Devastating Forest Fire Season Shows Urgent Need For A Shift In Fire And Forest Management, Towards Co-Existing With Fire

by | Sep 1, 2023 | 2023, Logging & Sawmilling Journal, September/October, The Last Word

Wildfires have laid siege to British Columbia in 2023. Residents outside the province’s Lower Mainland region have endured a prolonged and surreal environment of fear and uncertainty, filled with toxic smoke and flurries of evacuation alerts and orders.

As a result, residents have prepared for the worst; many a bag of valuables and survival gear has been stashed behind the couch, ready to grab and flee at a moment’s notice.

The byproducts of a warming climate are being demonstrated through extremes, from droughts to floods. The unpredictable wildfires are tough on people, the landscape and all the natural populations it sustains.

B.C.’s forest fire statistics have been re-written on an almost daily basis during the months of spring and summer. Land lost to wildfires in 2017, 2018 and 2021 set records—but the terrible trio’s toll was eclipsed by July in 2023, the beginning of what is traditionally the start of the worst two forest fire months of the season.

BC Wildfire Service experts suspect lightning ignited the Donnie Creek blaze in May. It had consumed more than 6,000 square kilometres of forest land by July, the largest forest fire in the land. Despite ebbs and flows during the summer, the wildfire service anticipates the blaze will continue burning into the winter—and perhaps through it.

The massive fire didn’t generate many headlines in the province’s population centers. Its location is why. The initial lightning strike was deep in the forest southeast of Fort Nelson, north of Fort St. John, in the Trutch River valley in northeastern B.C. The nearest community is Prophet River, around Mile 208 on the Alaska Highway. The Donnie Creek fire hadn’t destroyed any permanent structures—there aren’t any in its path. But it obliterated all evidence of historic occupation, including grave sites. The fire has wiped out oil and gas wells, pipelines and compressor stations. And a countless volume of timber. Canfor’s Fort St. John sawmill and Louisiana-Pacific’s OSB plant have lost timber cutting rights to the Donnie Creek fire.

The warming climate’s interconnected impacts on the forest industry are the focus of a new report. Forest Fire Management in B.C: Toward Landscape Resilience, was prepared by the B.C. Forest Practices Board (BCFPB) and it was published in June 2023. The BCFPB is the province’s independent watchdog for sound forest and range practices.
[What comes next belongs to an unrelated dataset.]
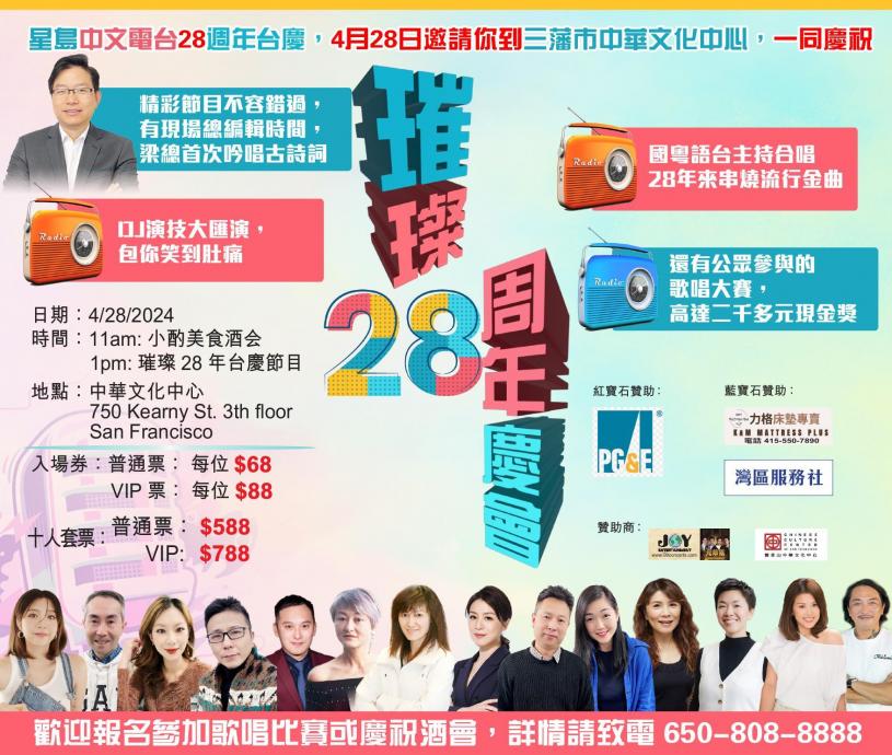 4月28日,帶上你的歡笑和熱情,來三藩市中華文化中心(750 Kearny St. 3th floor, San Francisco)參加「璀璨28週年慶會」,讓我們一起慶祝這個特別的日子!

The report says there’s an urgent need for a different and coordinated approach to forest fire management on B.C.’s Crown land. It points out fire can be a friend and not always the wildfire foe. Fire, when used judiciously, can help sustain a productive and healthy B.C. forest landscape as it did historically.
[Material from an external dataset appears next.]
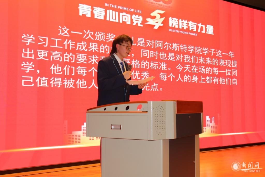 为庆祝中国共产党成立100周年,4月27日晚,阿尔斯特学院举行“青春心向党·榜样有力量”五四表彰大会。德赢官网Vwin副校长、阿尔斯特学院院长王海燕,教务处处长杨海波,财务处处长刘瑞,学工部常务副部长张凯凯,校团委书记李鹏,招生办公室主任王志东,国际处副处长刘雨凡以及阿尔斯特学院班子成员出席大会,教学督导、教师代表、学院全体工作人员及学生代表参加会议。
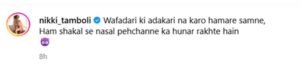 निक्की तंबोली ने धनश्री पर कसा तंज, कहा- वफादारी की अदाकारी मत करो…

Living with fire was a natural part of the landscape’s rhythms before the establishment of industrial scale forest practices. The BCFPB report noted the policies that were applied in B.C. during the 20th century resulted in densely forested areas and an increase in the amounts and distribution of forest fuels. The report says an alarming 39 million hectares—or 45 per cent—of the public land base in B.C. is of high or extreme threat of wildfire. As well, fire seasons are becoming longer, the risk of ignition higher and areas are burning more severely when wildfires do occur, continues the report.

“There is an urgent need to shift forest and fire management, policies, objectives and policies toward co-existing with fire on the landscape,” says the report. “Restoring landscape resilience is required and the first step toward that is to introduce landscape fire management into the land management framework in B.C.”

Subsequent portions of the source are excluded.